Far Away but Always Near

We all have gone our separate ways; we grew from children to adults. We all have them now life, families, and even some us have a working marriage. At this time in life or this time of the year I’m not sure which it is.

I find myself reflecting about the friends I grew up with and the wonderful times we had. As we passed milestones throughout our lives I find, I had the best friends anyone could ask for, and yes they are all still around me, in my thoughts, prayers and during troubled times. Grade school is just memories of long joyful days, and fun filled times of youthful fancy.

I recall the wonderful friends, that helped me get through, and of course some of the ones that may not have been so great at the time, but became friends never the less in later years. There were fights in the schoolyard, bickering in the hallways, and snide comments in the classrooms. This was the way of things when we were children, and we were growing into the people we would someday become. Right or wrong, we got punished when we did something wrong, we were taken to task in the principal’s office our parents were called, and then punishment was administered so we would not commit the same wrong doing again. Although on some children, not even this method worked, but I’m glad to say it did on me.

 My true friends were so different, we probably looked like a kaleidoscope, and they changed by a turn of the tube. Some disappeared, while others faded into the background from one year to the next. Some would always be there, just within reach whenever I needed them or they needed me. I can honestly say I was not always the best friend they could have had, nor I’m sure they did have at different times throughout our school years.

 For with each passing year we tended to out grow many things, we changed and so did our wants, desires, and needs. Some of my friends passed me by for others, just as I gravitated towards a different or new person that I thought would be who I wanted in my life rather than my old friends that knew me as a child.
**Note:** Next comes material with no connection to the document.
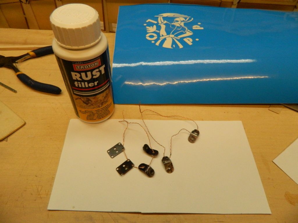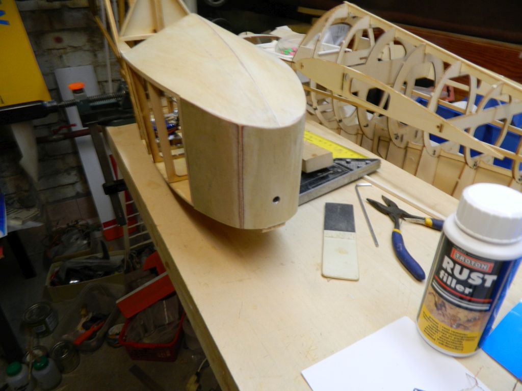 Gondola z góry , przód i tył pokryta sklejką. Wyszło tak sobie. Źle zaplanowałem podział brytów sklejki i wyszło tak jak wyszło, najwyżej pomaluje się "mordkę" ;) . Jutro bejcowanie wszystkich elementów poza kabinką, montaż linek i regulacja i można zamykać pokrycie. Zabezpieczyłem pewnym specyfikiem elementy stalowe mocowania zastrzałów i linek. Fajny efekt, blaszki mają kolor czarny z lekkim granatowym odcieniem. Wszystko pokazałem na zdjęciach. Pracuję nad szablonami loga LOPP, są z folii i pomaluję aerografem czarną farbą nitro. Taki jest plan. Z niewielu rzeczy jestem "dumny" w tym modelu, jednak otwór na linkę holowniczą bardzo mi się podoba :lol: z tego mogę być chyba "dumny" ;) .

Junior high or Middle school as it has become named, was a transitional period for all my classmates as well as myself. Some of us who had been the followers wanted to change to leaders. Others who had been leaders were ready to follow a more prominent leader. Some of us looked toward an older generation, to develop the attitude, confidence and personally we thought we wanted within ourselves. Rebellion quickly occurred against others, who wanted us to stay the same. So as we turned the pages of our book, and one chapter lead into another, so did the events in our life. The colors and shapes of our own experiences changed daily, sometimes hourly making and breaking ties to family members and friends who once had been the foundation of our lives.

 I know without doubt my world seemed to change within minutes during my ninth grade and tenth grade year, where I had just barely touched on my rebellion in Junior high, now I hit it as a large stone would hit the water in a lake. The large splash caused many ripples throughout my family and friends. I made a lot of mistakes with the choices I made, but each mistake lead me to become the person I would later be proud of. So to say I regret them, I cannot. For with each wrong friend I picked, I also selected two right friends that have stood by me throughout my years into and after adulthood. The bad friends lasted for only moments in time, but each taught me a lesson that I would always remember. I found five more of my closest friends in tenth grade. These friends as well as some of my grade school and middle school friends have kept me balanced, connected and centered to who and what I have become.

 I have made many other friends throughout my adult life, and some of them have become mainstays they have kept me grounded when I would have floated out of existence, been there for me when I needed them. All of these people along with my father and children have been the shoulders I could cry on, the people who never judged me (too harshly) and the people I can depend on when I need someone to lean on. I thank God for each and every one of them daily.